Zimoun – Art Museum de Lugano
Art Museum of Lugano in Switzerland: 36 ventilators + 4.7m³ packing chips is the new installation by Zimoun, the Bern-based artist known for his architecturally-minded platforms of sound. Zimoun yet again extends his installation inventory. Converting nine of the museum’s towering window spaces into ‘ventilation chambers’ (four ventilators are installed in each window) and filling them with polystyrene, Zimoun unleashes a perfect ‘plastic storm.’ Congregating into a mass that’s neither solid, gaseous nor liquid, the flakes perform a violent, otherworldy dance. With the phenonema trapped behind glass, we get to watch in wonder from the safety of the outside.
“Even though the swirling of the polystyrene in the depth of each of the windows is actually limited to that space, we have the impression that the movement is propagating to the whole length of the Limonaia. To the visual effect adds the ticking of chips on the window panes, which could remind a thin but insistent rain. If, instead, we cross the threshold and get inside the space, the perception produced by the ebb and flow of the chips changes radically becoming more abstract; the movement appears mechanical rather than natural, the buzzing of the ventilators covers up the ticking of the polystyrene on the windows and thus reveals the artificial origin of the motion.”
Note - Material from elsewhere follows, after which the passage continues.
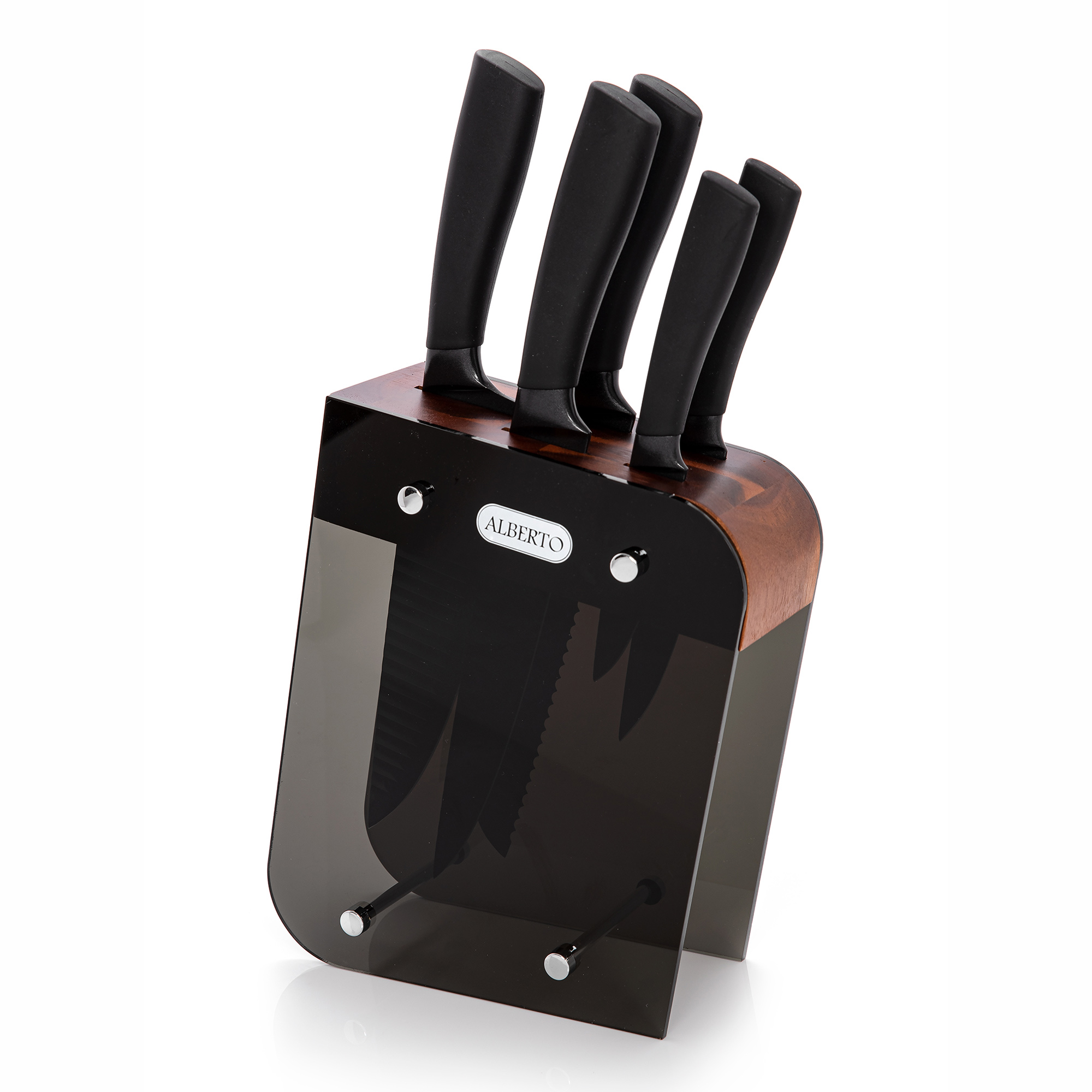 طقم سكاكين ستالس ستيل 5 قطع مع حامل اكريلك من البرتو

“Zimoun’s installation fascinates us because it reveals what is otherwise invisible: the absolute precision of the mechanisms lying behind the unpredictability of all phenomena. The simplicity and perfection of the works of the artist, which is clearly expressed here by the neat setting of the ventilators, the alignment of the supply cables, the pure white of the polystyrene, produces effects that, as they sum up, greatly exceed our power of understanding.”
Text by Guido Comis and Cristina Sonderegger, published in the exhibition catalogue.